(Beginning of Supplied entries)
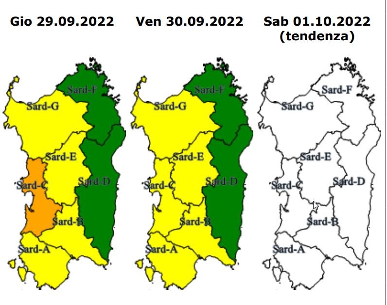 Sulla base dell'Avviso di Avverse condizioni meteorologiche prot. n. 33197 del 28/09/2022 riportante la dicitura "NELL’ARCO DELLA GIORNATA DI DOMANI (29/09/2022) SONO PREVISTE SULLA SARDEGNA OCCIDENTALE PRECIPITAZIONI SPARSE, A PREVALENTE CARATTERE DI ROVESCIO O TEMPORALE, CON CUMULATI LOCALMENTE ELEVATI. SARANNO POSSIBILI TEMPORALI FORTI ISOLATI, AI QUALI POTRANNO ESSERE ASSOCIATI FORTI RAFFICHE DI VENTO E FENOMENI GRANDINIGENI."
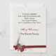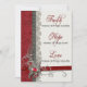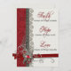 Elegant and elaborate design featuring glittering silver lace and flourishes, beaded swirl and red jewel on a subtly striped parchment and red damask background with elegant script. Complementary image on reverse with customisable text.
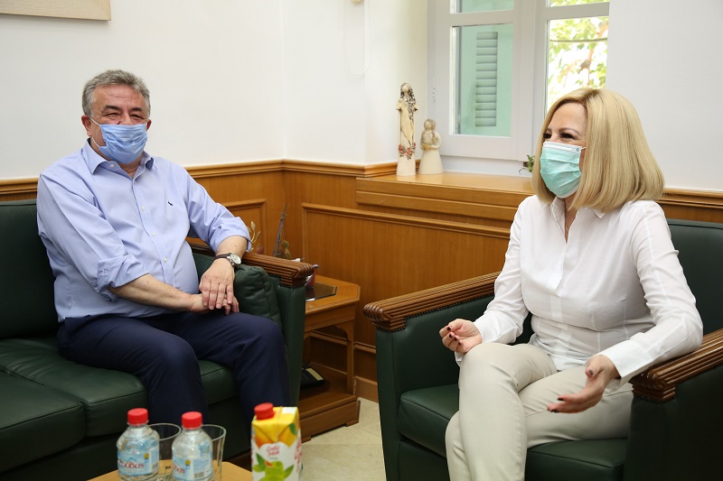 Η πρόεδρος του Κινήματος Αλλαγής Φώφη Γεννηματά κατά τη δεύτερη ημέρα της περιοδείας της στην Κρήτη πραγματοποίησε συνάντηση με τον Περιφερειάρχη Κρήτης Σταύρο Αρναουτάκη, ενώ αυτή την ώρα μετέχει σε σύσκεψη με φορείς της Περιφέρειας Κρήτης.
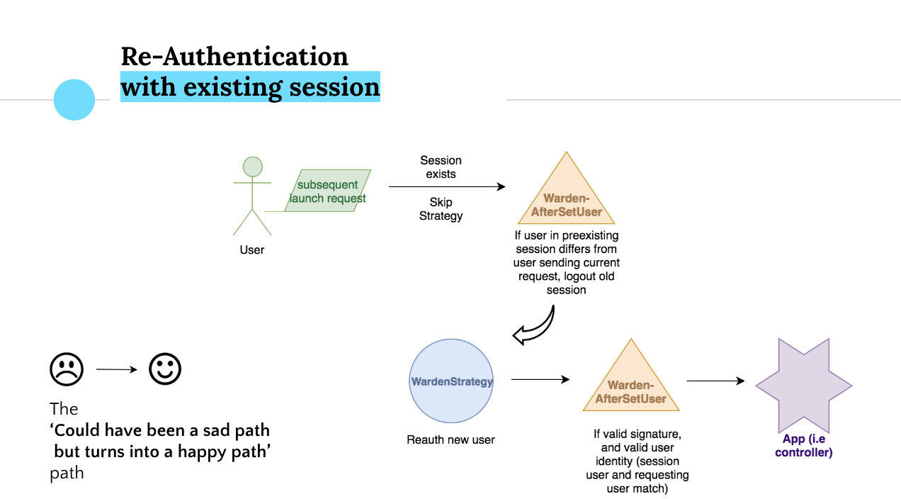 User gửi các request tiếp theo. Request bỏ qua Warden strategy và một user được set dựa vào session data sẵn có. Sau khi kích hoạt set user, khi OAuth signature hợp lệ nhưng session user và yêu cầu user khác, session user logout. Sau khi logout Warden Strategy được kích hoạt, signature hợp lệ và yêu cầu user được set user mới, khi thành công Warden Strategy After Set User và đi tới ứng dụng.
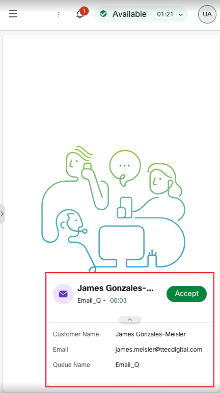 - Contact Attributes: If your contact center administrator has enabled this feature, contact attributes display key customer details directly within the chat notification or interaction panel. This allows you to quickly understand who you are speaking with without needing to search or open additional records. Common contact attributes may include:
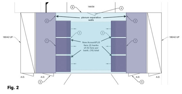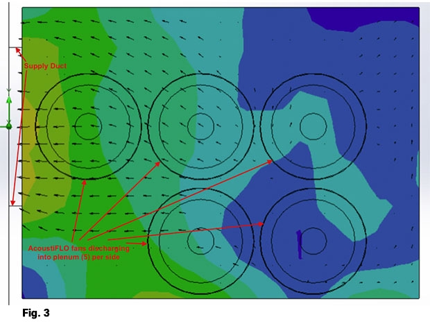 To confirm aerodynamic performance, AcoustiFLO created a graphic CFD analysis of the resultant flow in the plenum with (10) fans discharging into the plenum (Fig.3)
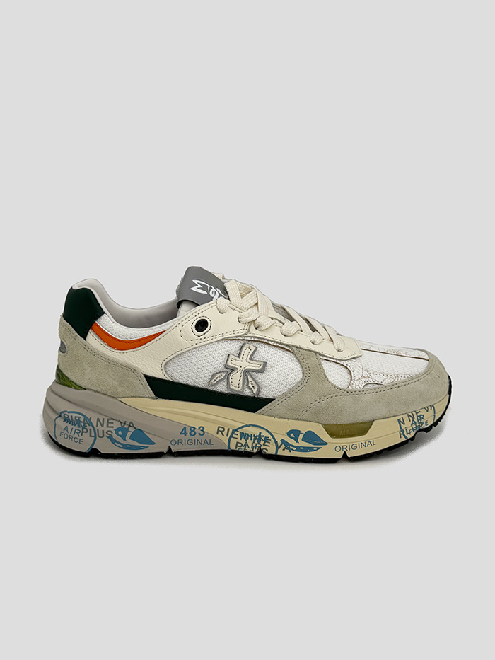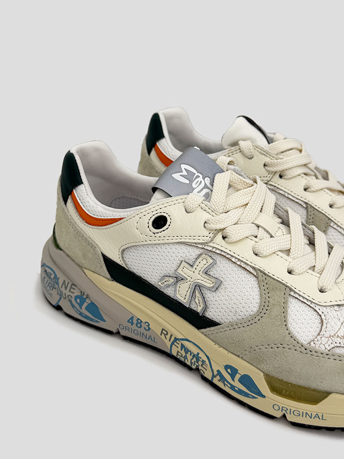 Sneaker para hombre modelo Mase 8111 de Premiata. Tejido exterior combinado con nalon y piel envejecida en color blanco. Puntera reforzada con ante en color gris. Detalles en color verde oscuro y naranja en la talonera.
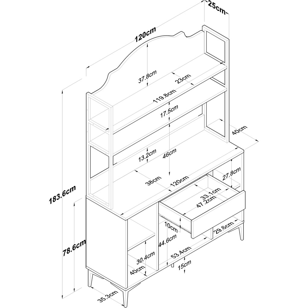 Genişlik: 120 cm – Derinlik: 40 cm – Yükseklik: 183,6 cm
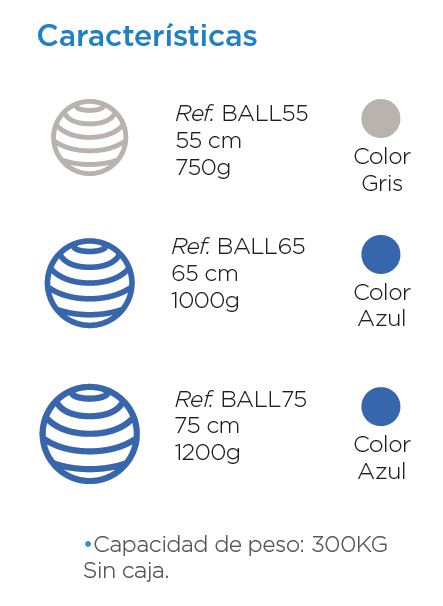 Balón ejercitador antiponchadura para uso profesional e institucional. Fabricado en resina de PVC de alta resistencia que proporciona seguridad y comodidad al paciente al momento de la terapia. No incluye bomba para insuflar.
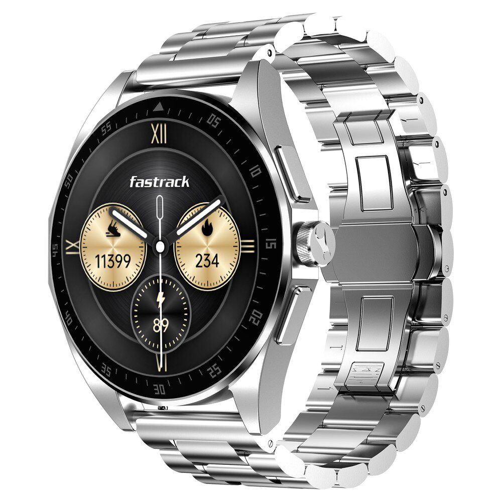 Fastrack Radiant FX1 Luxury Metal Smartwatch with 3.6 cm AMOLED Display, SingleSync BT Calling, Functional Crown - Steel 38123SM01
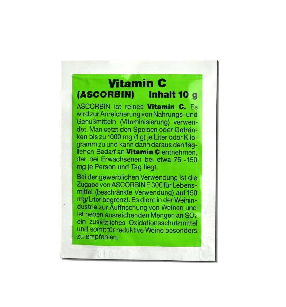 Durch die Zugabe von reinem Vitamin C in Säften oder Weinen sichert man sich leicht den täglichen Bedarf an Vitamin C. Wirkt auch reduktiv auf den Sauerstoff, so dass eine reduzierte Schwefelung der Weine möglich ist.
(End of Supplied entries)
(Beginning of Supplied entries)
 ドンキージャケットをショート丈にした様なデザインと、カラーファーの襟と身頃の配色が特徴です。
(End of Supplied entries)
(Beginning of Supplied entries)
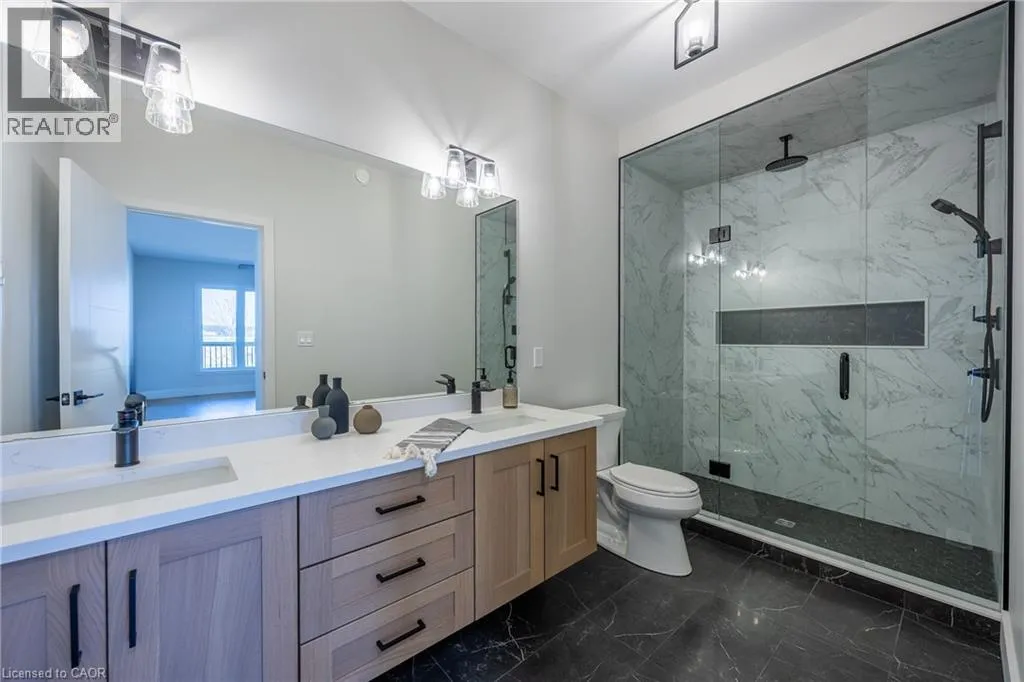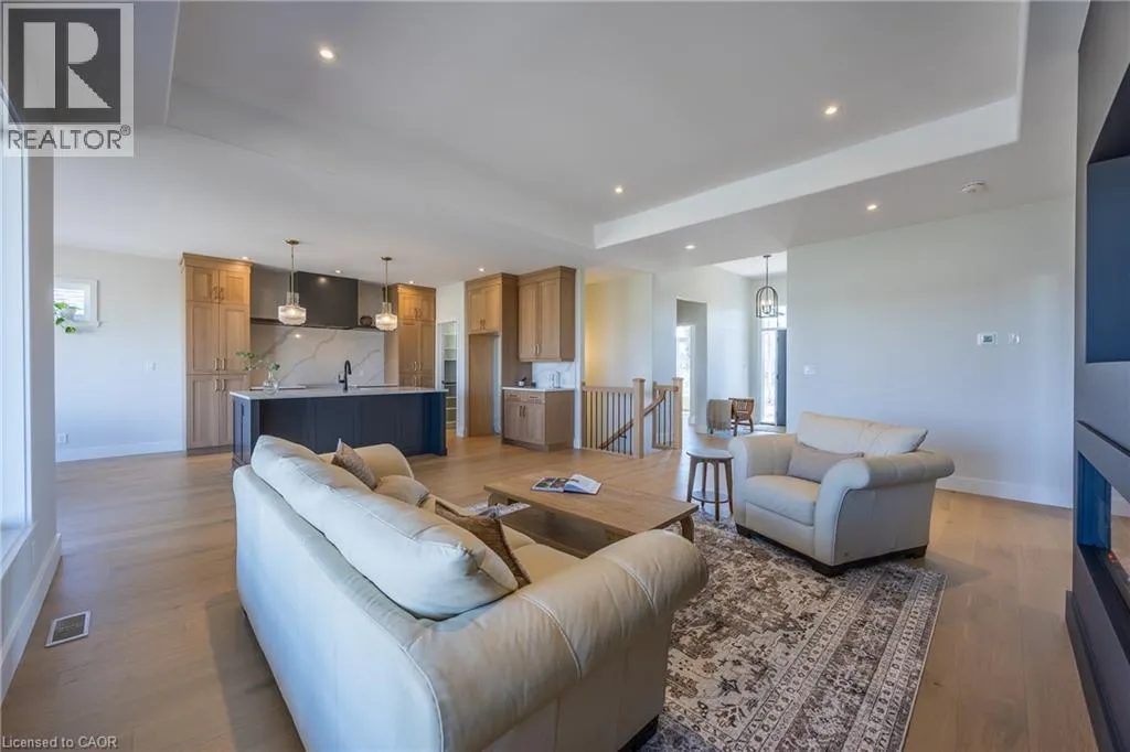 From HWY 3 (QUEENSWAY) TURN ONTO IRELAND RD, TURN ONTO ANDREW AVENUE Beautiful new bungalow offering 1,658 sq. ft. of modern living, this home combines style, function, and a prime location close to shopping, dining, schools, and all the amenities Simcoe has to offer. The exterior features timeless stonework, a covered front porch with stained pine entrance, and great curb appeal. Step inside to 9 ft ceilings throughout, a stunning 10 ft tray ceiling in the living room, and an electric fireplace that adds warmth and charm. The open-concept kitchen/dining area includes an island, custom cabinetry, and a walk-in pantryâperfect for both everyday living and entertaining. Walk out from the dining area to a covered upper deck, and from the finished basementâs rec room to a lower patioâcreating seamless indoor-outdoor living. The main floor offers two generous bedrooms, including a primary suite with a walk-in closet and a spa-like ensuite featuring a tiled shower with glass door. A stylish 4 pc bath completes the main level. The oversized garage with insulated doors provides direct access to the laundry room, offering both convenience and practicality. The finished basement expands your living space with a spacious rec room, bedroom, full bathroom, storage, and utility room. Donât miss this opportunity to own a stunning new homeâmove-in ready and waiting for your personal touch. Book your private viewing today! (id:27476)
(End of Supplied entries)
Given the listing above, retype only the span of lines from the line with "User gửi các" up to and including the line with "To confirm aerodynamic", exactly as it stands and without pictures.

● **Finished task**
 User gửi các request tiếp theo. Request bỏ qua Warden strategy và một user được set dựa vào session data sẵn có. Sau khi kích hoạt set user, khi OAuth signature hợp lệ nhưng session user và yêu cầu user khác, session user logout. Sau khi logout Warden Strategy được kích hoạt, signature hợp lệ và yêu cầu user được set user mới, khi thành công Warden Strategy After Set User và đi tới ứng dụng.
 - Contact Attributes: If your contact center administrator has enabled this feature, contact attributes display key customer details directly within the chat notification or interaction panel. This allows you to quickly understand who you are speaking with without needing to search or open additional records. Common contact attributes may include:
 To confirm aerodynamic performance, AcoustiFLO created a graphic CFD analysis of the resultant flow in the plenum with (10) fans discharging into the plenum (Fig.3)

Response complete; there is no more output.